But to rule out any possible data corruption of the “wl” log entries causing problems, have you tried doing a full “walk” of the log history using overlapping bite-sized “wl” requests. If you can cover the full range and the records look well formed then that should rule out data corruption in the “wl” records much the same as we have done for the others.
As you point out, a big difference between the three commands is the size of the response. The “wl” entry happens every hour and so there should be, give or take, 24 entries per day. In many setups this could be perhaps an order of magnitude more entries than station events. Thus the response from the “wl” query could be a larger packet. Having said that the buffer on the ESP8266 is 4k and will segment the response if needed. Hence a buffer overrun seems unlikely but not impossible. In one of your earlier responses you mention network connection problems coinciding with a large “wl” request. How consistent is this behaviour (i.e. always at a certain number of records) and is there any indication that the OS is resetting at this point?

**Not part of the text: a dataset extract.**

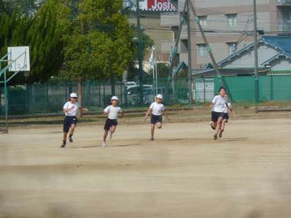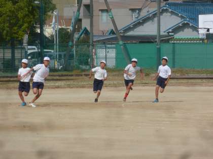 写真は、徒競走の様子です。高学年ともなると走る姿に迫力があります。本番が楽しみですね。

So barring the above, I am kind of left with suspecting a network problem. An alternative way to get the OS view on wifi signal is to issue “http://os_ip/jo” command and look for the RSSI field in the returned json string. I know you have a couple of units and one works well on the wifi extender but I am bit old school and always keen to remove variables when testing. You wouldn’t need to have the expansion module/valves connected to do a bit of api testing just a strong connection to your main wifi router. But that’s easy for me to say as I don’t know how hard it is to “just 8-)” disconnect everything so your call.
UPDATE: I think the command to get RSSI is actually “http://os_ip/jc” but just going from the code on that one.
What you should be seeing on the network via wireshark is three API log commands coming from the App. One is for all water level log records by specifying the “type=wl”. Another is for all flow records with “type=fl”. And another for all other records by leaving the type filter off. The App then puts the three sets of data together to display the timeline/table. This is not particularly clear in the API specification but is consistent in the firmware and app code. Although I recall seeing a reason for splitting the request into three, I cant locate it at the moment. It may just be historical as “wl” and “fl” logging may have been added at a latter point in time.
For completeness, I should have suggested to do the same three commands from the browser (i.e. to also try “http:/os_ip/jl?&hist=21&type=wl” and “http:/os_ip/jl?hist=21&type=fl”). If you don’t have a flowmeter configured then the “fl” call should return “[]” and if you dont use a weather adjustment method then the “wl” call should also return “[]”. If you do have a weather adjustment method setup (i.e. via weather underground) then you should be seeing entries of the form “[0,”wl”,75,1493943439]” which represents 75% watering times.
Be good to check that these calls return valid data as well. From your comments above it sounds like you tried “http:/os_ip/jl?&hist=21&type=wl” from the browser but got no response rather than a “[]” response? If that is the case then there may be a firmware/hardware-side issue. Also, can you confirm your settings for flow meter and weather adjustment so we know what we should be seeing.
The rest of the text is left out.